"""
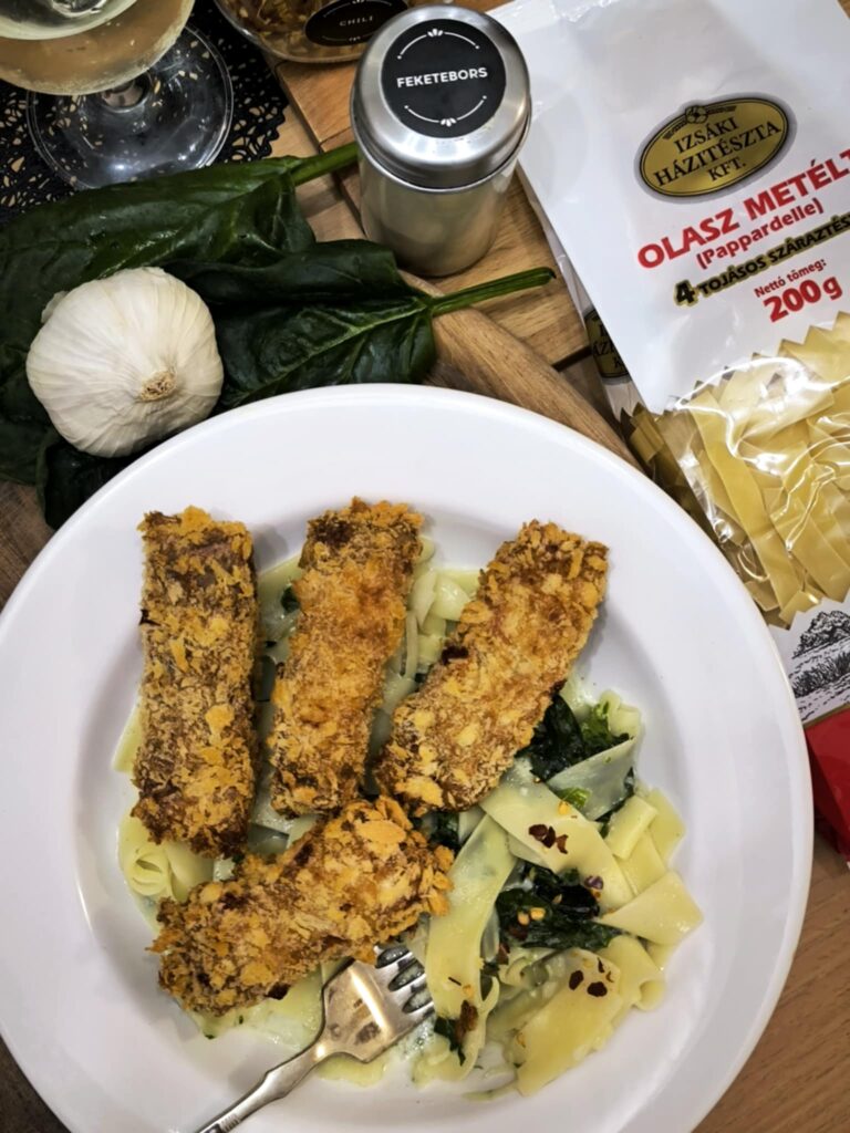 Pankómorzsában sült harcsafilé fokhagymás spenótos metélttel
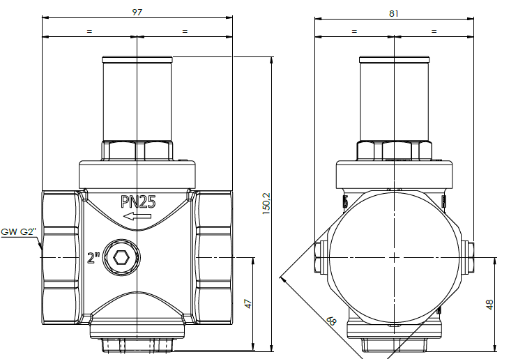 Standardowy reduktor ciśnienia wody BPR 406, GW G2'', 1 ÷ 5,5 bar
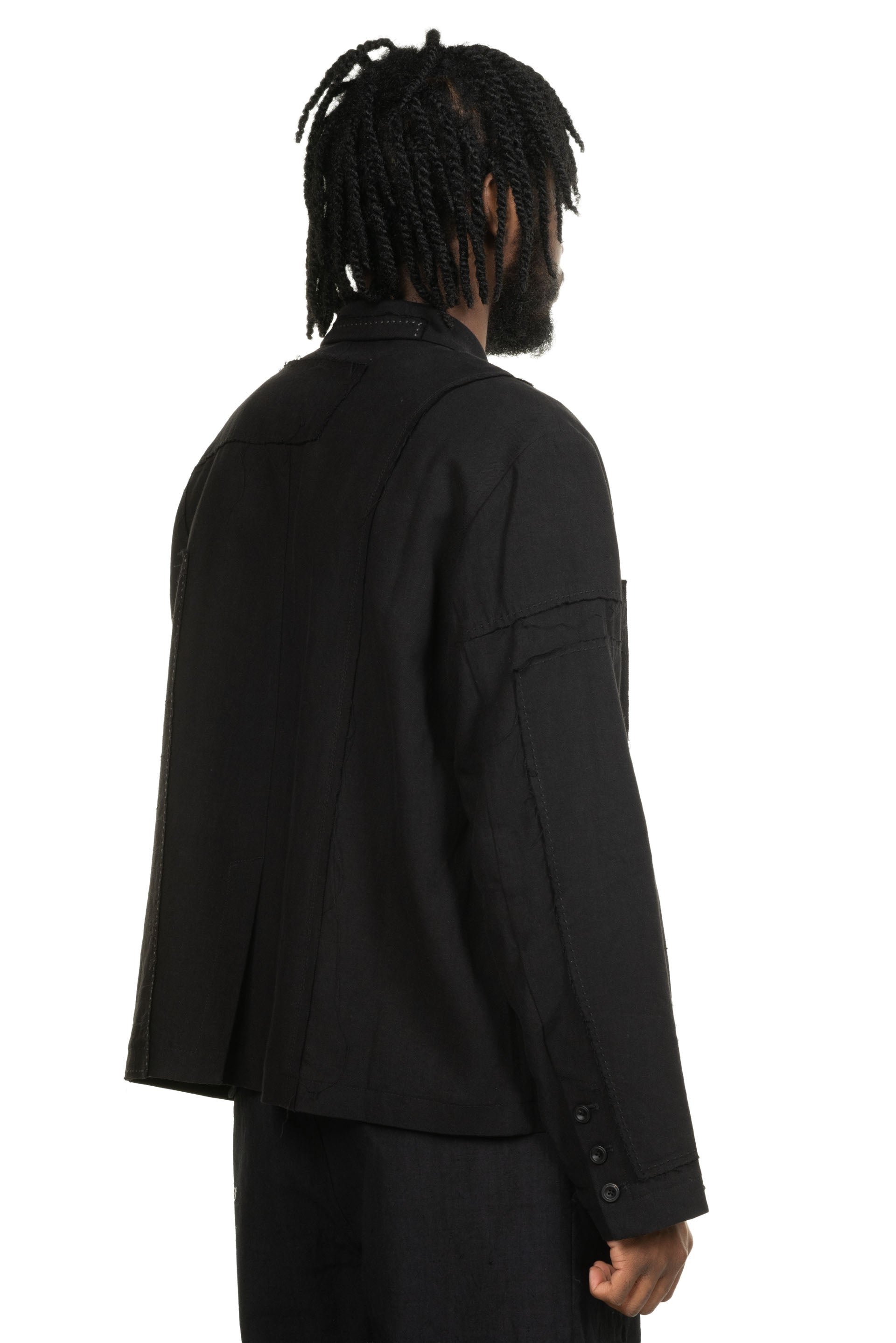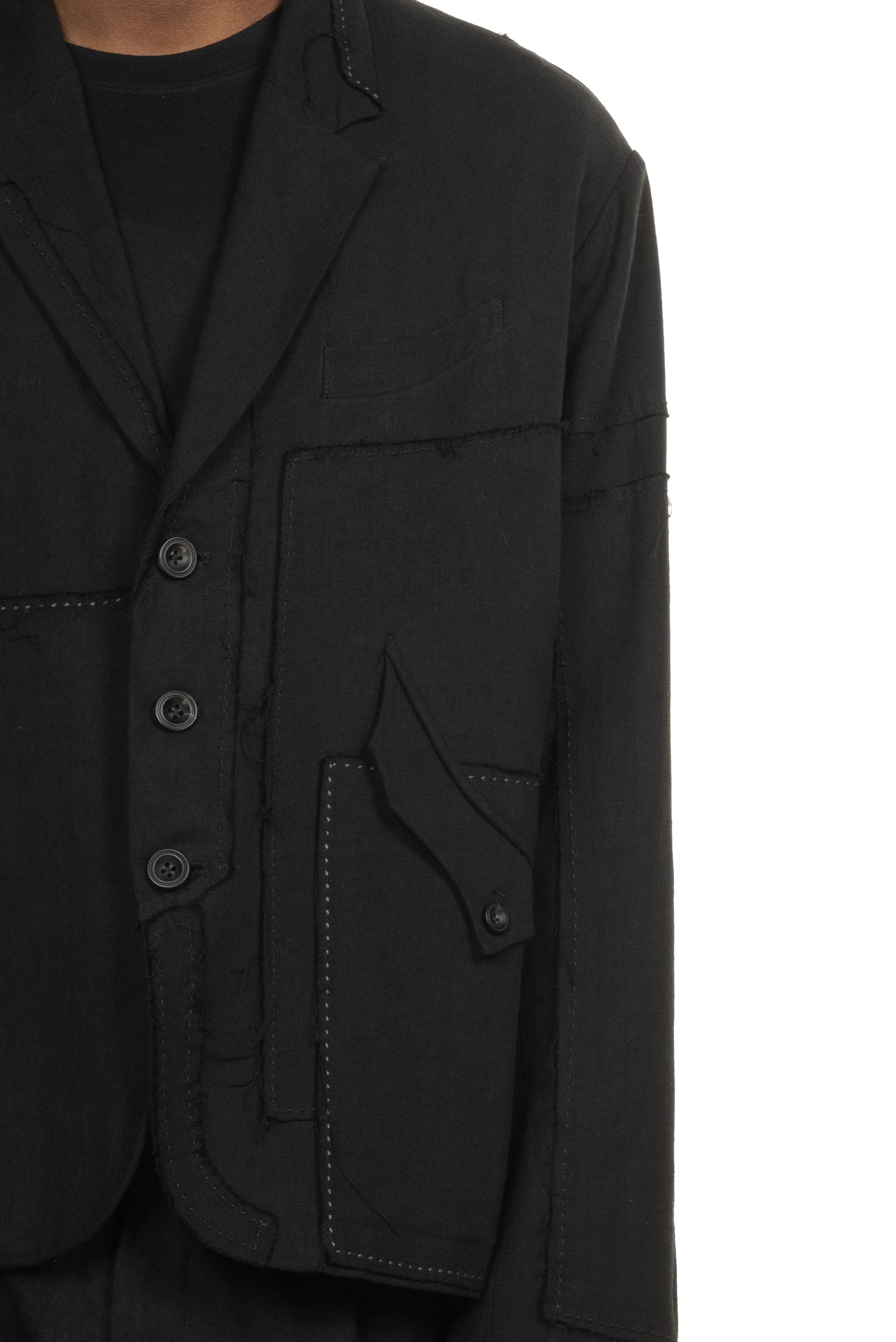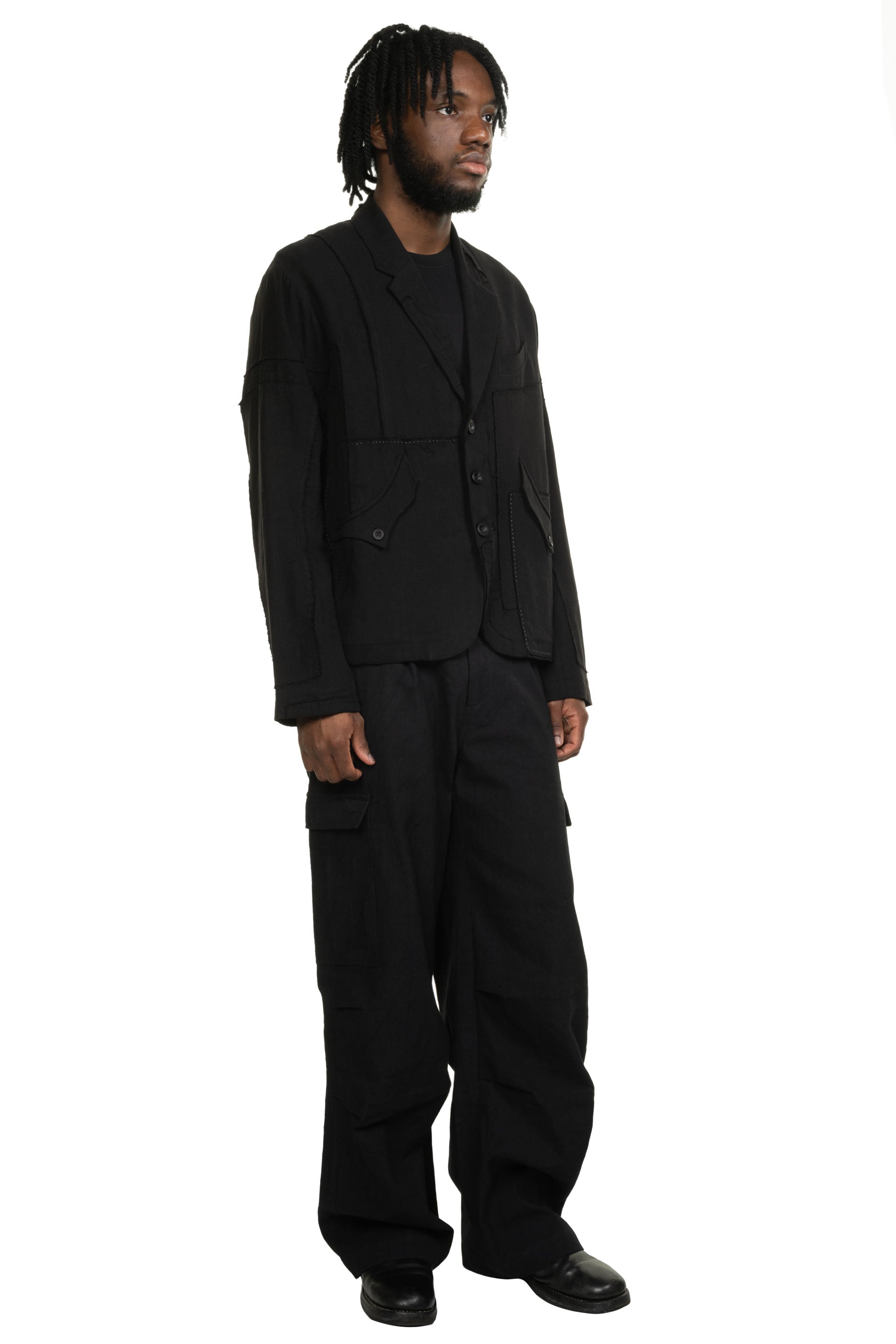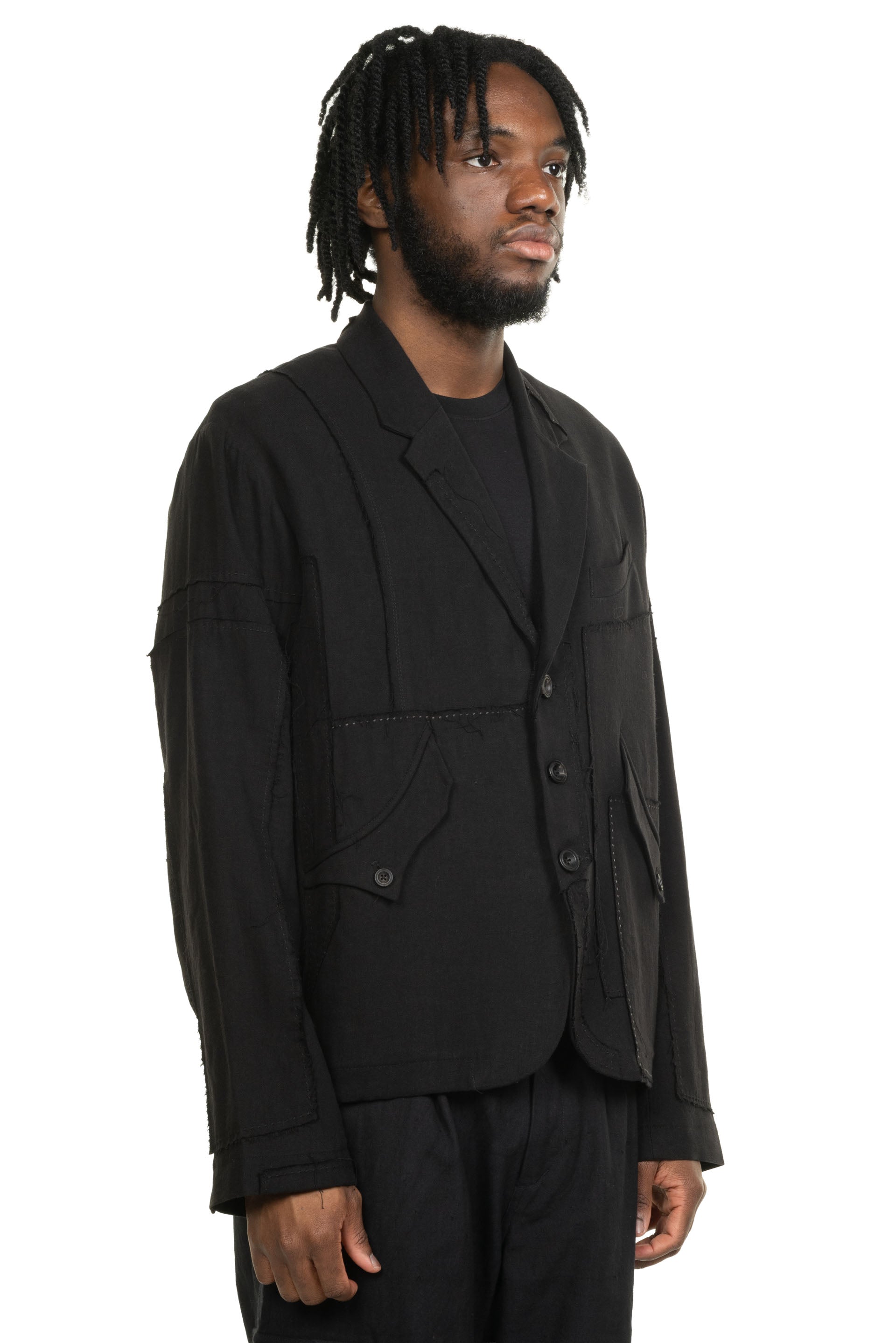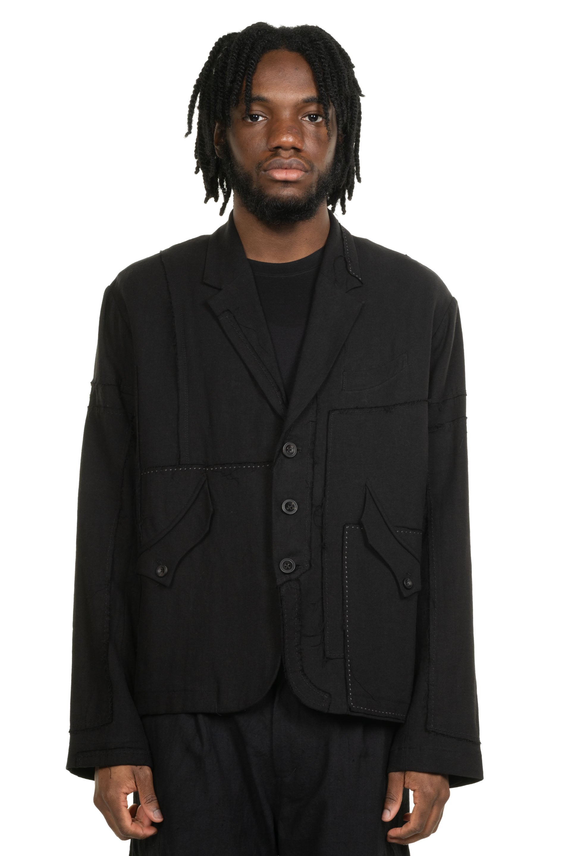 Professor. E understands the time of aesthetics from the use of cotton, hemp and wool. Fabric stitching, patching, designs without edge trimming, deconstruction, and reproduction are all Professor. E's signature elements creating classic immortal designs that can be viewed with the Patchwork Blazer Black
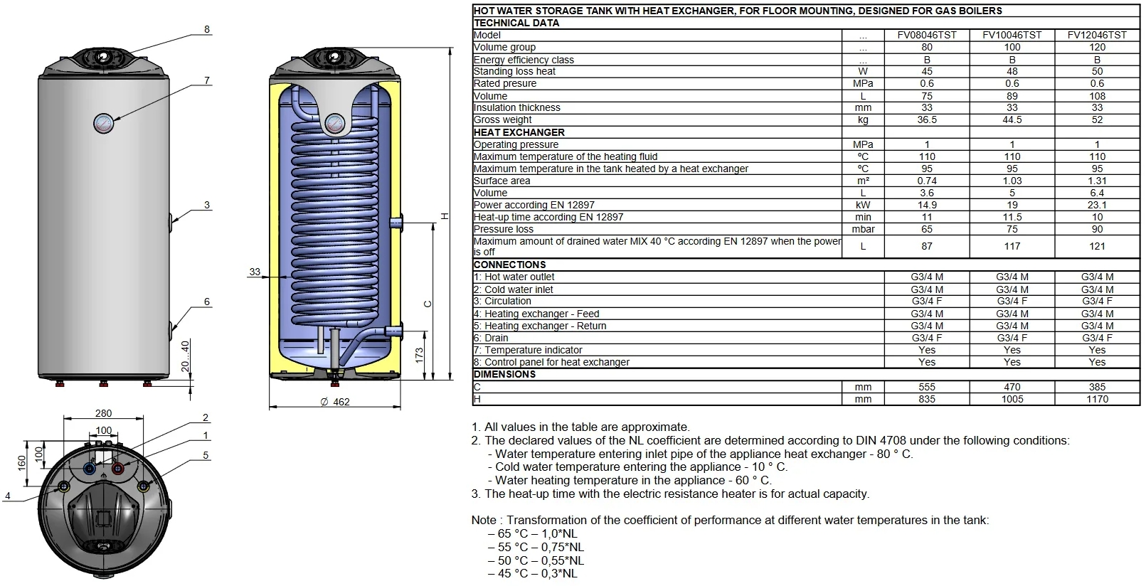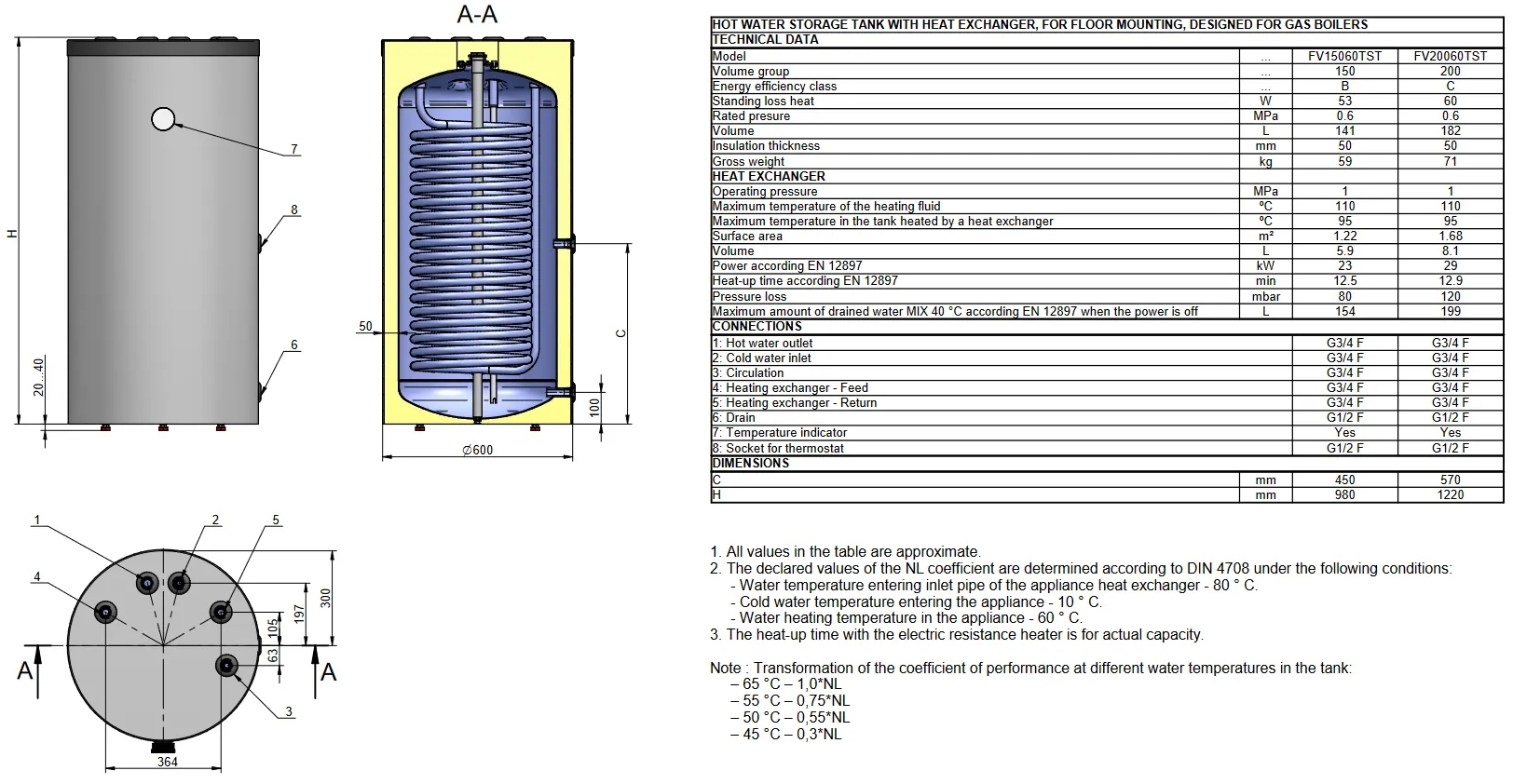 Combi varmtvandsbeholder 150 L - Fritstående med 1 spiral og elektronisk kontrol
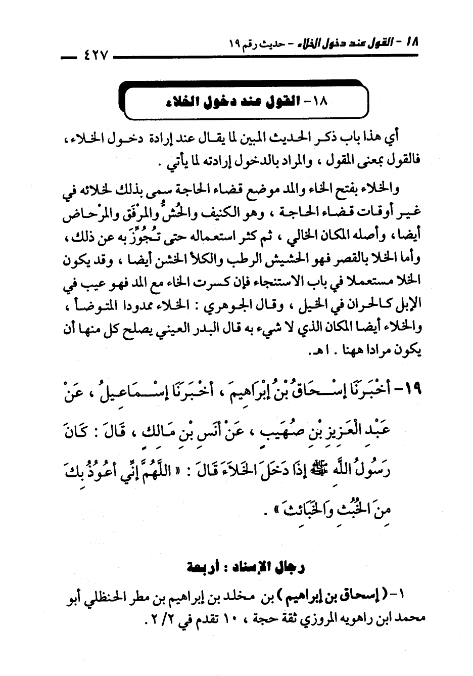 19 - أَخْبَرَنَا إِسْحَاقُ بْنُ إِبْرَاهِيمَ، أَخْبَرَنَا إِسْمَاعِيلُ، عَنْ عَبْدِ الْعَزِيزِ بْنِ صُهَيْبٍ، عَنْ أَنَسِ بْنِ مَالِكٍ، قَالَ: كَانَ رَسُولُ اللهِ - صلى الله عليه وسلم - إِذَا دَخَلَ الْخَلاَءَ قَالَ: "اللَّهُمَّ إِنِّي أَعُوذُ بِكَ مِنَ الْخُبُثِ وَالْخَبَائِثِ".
"""
When you retype the data above, match every line exactly and leave the pictures behind.

Response for this exercise:
 Pankómorzsában sült harcsafilé fokhagymás spenótos metélttel
 Standardowy reduktor ciśnienia wody BPR 406, GW G2'', 1 ÷ 5,5 bar
 Professor. E understands the time of aesthetics from the use of cotton, hemp and wool. Fabric stitching, patching, designs without edge trimming, deconstruction, and reproduction are all Professor. E's signature elements creating classic immortal designs that can be viewed with the Patchwork Blazer Black
 Combi varmtvandsbeholder 150 L - Fritstående med 1 spiral og elektronisk kontrol
 19 - أَخْبَرَنَا إِسْحَاقُ بْنُ إِبْرَاهِيمَ، أَخْبَرَنَا إِسْمَاعِيلُ، عَنْ عَبْدِ الْعَزِيزِ بْنِ صُهَيْبٍ، عَنْ أَنَسِ بْنِ مَالِكٍ، قَالَ: كَانَ رَسُولُ اللهِ - صلى الله عليه وسلم - إِذَا دَخَلَ الْخَلاَءَ قَالَ: "اللَّهُمَّ إِنِّي أَعُوذُ بِكَ مِنَ الْخُبُثِ وَالْخَبَائِثِ".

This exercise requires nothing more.